Чайная роза
Шрифт:
— Он был целью самой многочисленной в истории города охоты на человека и все же просочился сквозь сеть, — сказал Девлин. — Теперь он может быть где угодно. Во Франции. В Италии. Даже на полпути в Китай. Интересно, как он это сделал. Изменил внешность? Подделал документы? Похоже, этот малый — не дурак.
— Да, не дурак, но он не на континенте, — ответил Родди. У него начало покалывать шею. Предплечья, И даже позвонки. Шестое чувство, притихшее после беседы с Дональдсоном, воскресло и теперь мстило ему.
— Не понял.
— Тут что-то не
— Думаешь, письмо — это уловка?
— Да. Он сообразил, что рано или поздно кто-то узнает о существовании Сары Бертт. Полиция или пресса. И позаботился, чтобы она показала им письмо. Это ложный след. Бертон внушил нам, что сбежал за границу, а сам остался в Лондоне. Был здесь все это время и выжидал. Проклятый зазнайка Дональдсон! Я знал, что Бертон не удрал. Знал, черт возьми!

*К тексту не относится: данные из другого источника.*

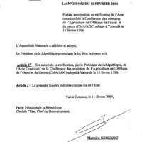 - Loi n° 2004-02 du 11 février 2004 portant autorisation de ratification de l’Acte Constitutif de la Conférence des Ministres de l’Agriculture de l’Afrique de l’Ouest et du Centre (CMA/AOC) adopté à Yaoundé le 16 février 1996.
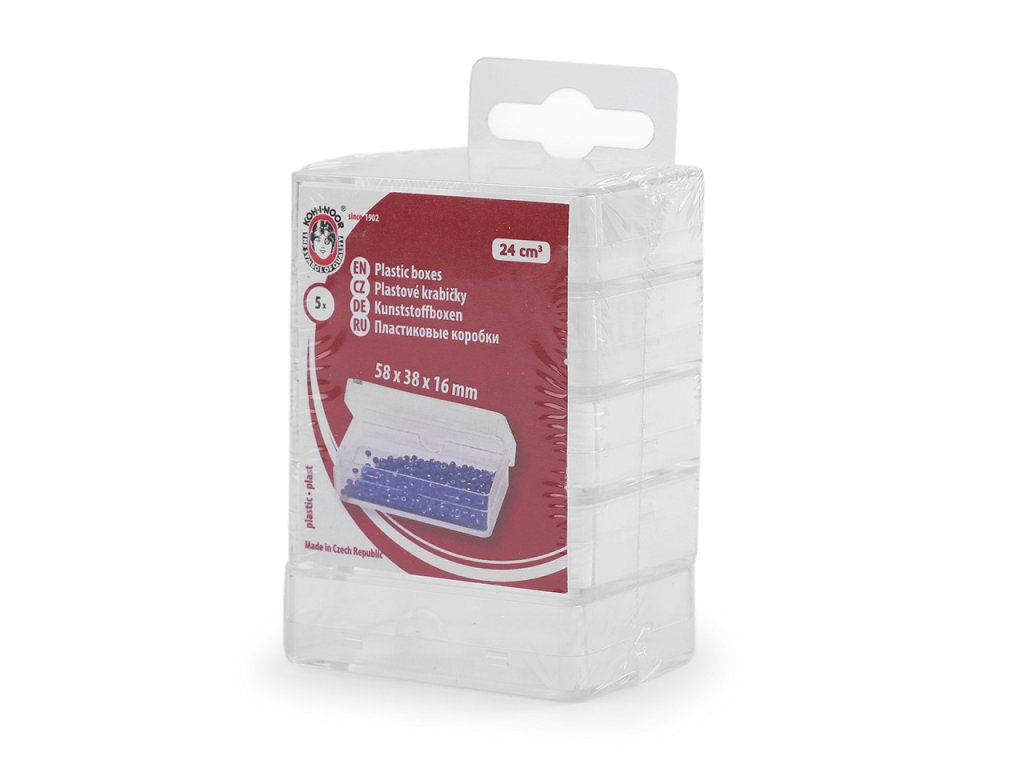 Praktickou plastovou krabičku můžete použít na uskladnění drobných kreativních potřeb, např. rokajlu, flitrů či hotfixů.
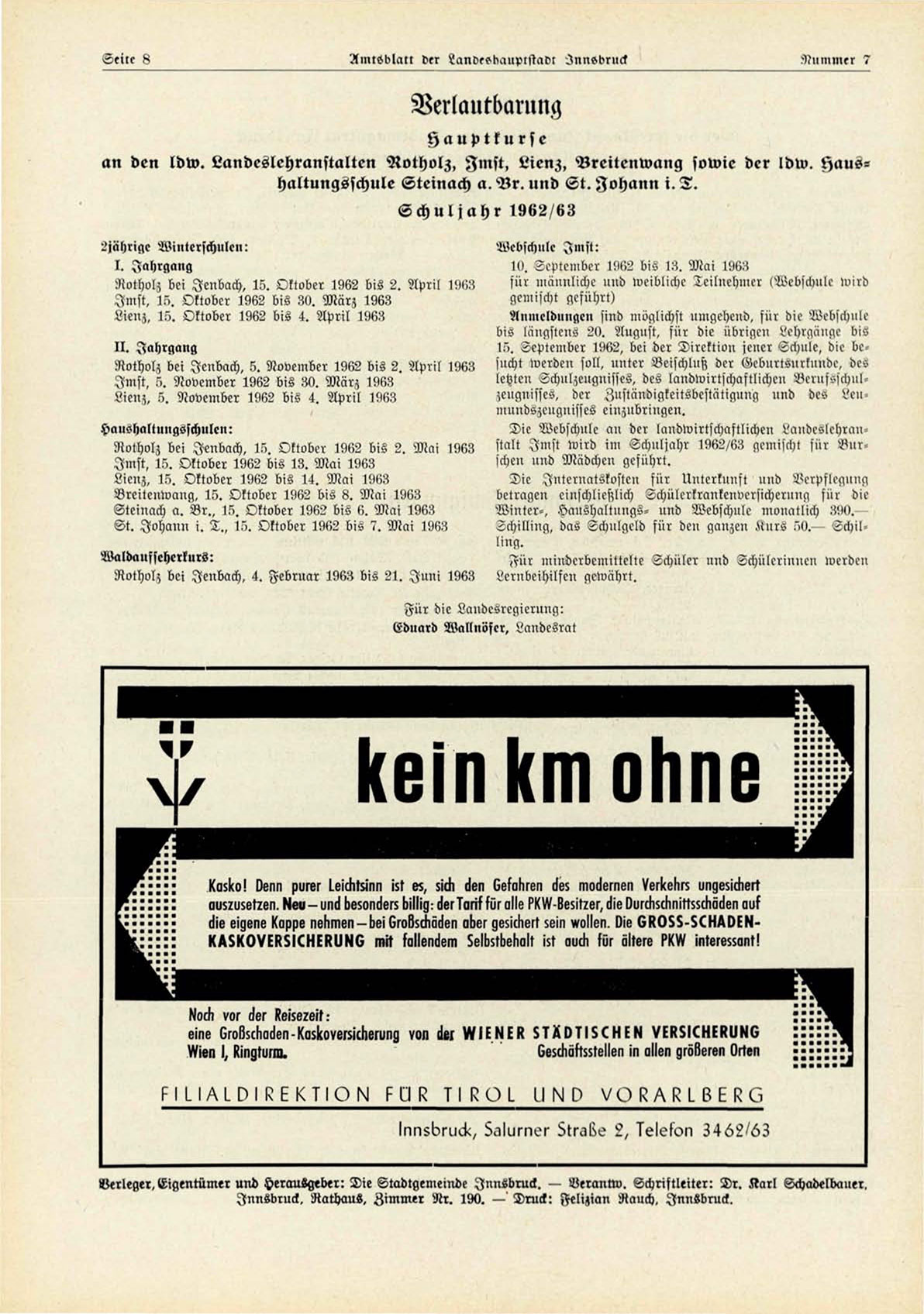 »Verleger, Eigentümer und Herausgeber: Die Stadtgemeindc Innsbruck. - Berantw. Schriftleiter: Dr. Karl Schadellxniei,
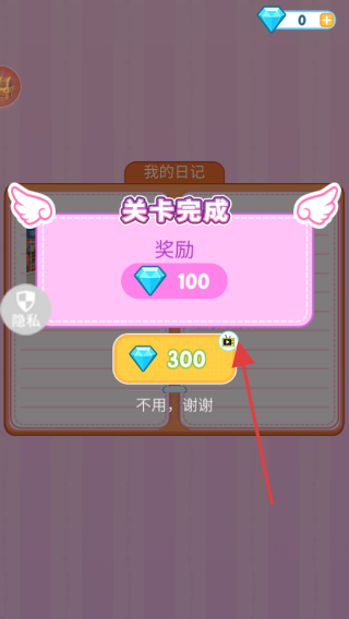 3、完成關卡任務后,會彈出獎勵界面,點擊箭頭指向的獎勵區(qū)域(如300鉆石),領取鉆石等獎勵,用于解鎖更多服裝和道具,提升游戲體驗。
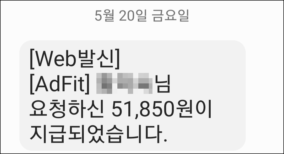 드디어 카카오애드핏 수익이 입금되었다. 4월에 5만원이 넘길래 신청을 했는데 5월20일에 입금이 되었다. 티스토리 블로그 시작한지 8개월만에 카카오애드핏 수익을 신청한셈이다. 카카오애드핏은 5만원 이상이 되어야 수익금을 신청할 수 있다. 참으로 오래 걸렸다..
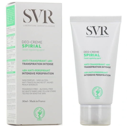 Adapté aux peaux sensibles, le déo-crème Spirial de SVR est un anti-transpirant indiqué en cas de transpiration intense. Il s'utilise sur les aisselles, mais aussi sur les mains, les pieds, les plis ou encore le visage.
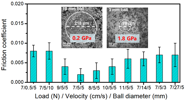 研究人員提出了“氫調(diào)制界面摩擦”策略,通過(guò)非晶與晶體異質(zhì)配副設(shè)計(jì),構(gòu)建含氫碳薄膜/二維復(fù)合涂層體系,實(shí)現(xiàn)了寬承載、寬速度、惰性氣氛等模擬工況下宏觀尺度固體超潤(rùn)滑。相關(guān)成果發(fā)表在Advanced Materials?。?023,2303580)和Advanced Science(2024,2309701)上。蘭州化物所楊興助理研究員為論文第一作者,王永富副研究員和張俊彥研究員為共同通訊作者。
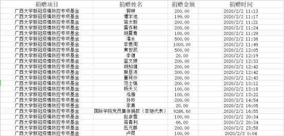 自Ky开元集团校友总会与教育发展基金会发布捐赠公告以来,截至2020年2月2日晚上7点,基金会共接受捐赠19笔,具体明细如下:

Родди встал и схватил мундир. Шестое чувство больше не покалывало его, а лупило по плечу. Киркой. Он хотел показать интервью Сары Бертт Фионе. После выписки из больницы и встречи с Джо она все чаще выезжала из дома. Он должен был предупредить ее, сказать, что необходимо продолжать соблюдать предельную осторожность.
Она поговаривала о том, что нужно отпустить Эндрю. Этого нельзя было позволить.
— Куда ты? — спросил Девлин.
— Домой к Фионе. Хочу показать ей твою газету. Она тоже не верит, что Бертон здесь. Говорит, это для него слишком опасно. Раз у него больше нет ни дома, ни чайной компании, то нет и причины оставаться здесь. Но она ошибается. Причина у него есть. И эта причина — она сама.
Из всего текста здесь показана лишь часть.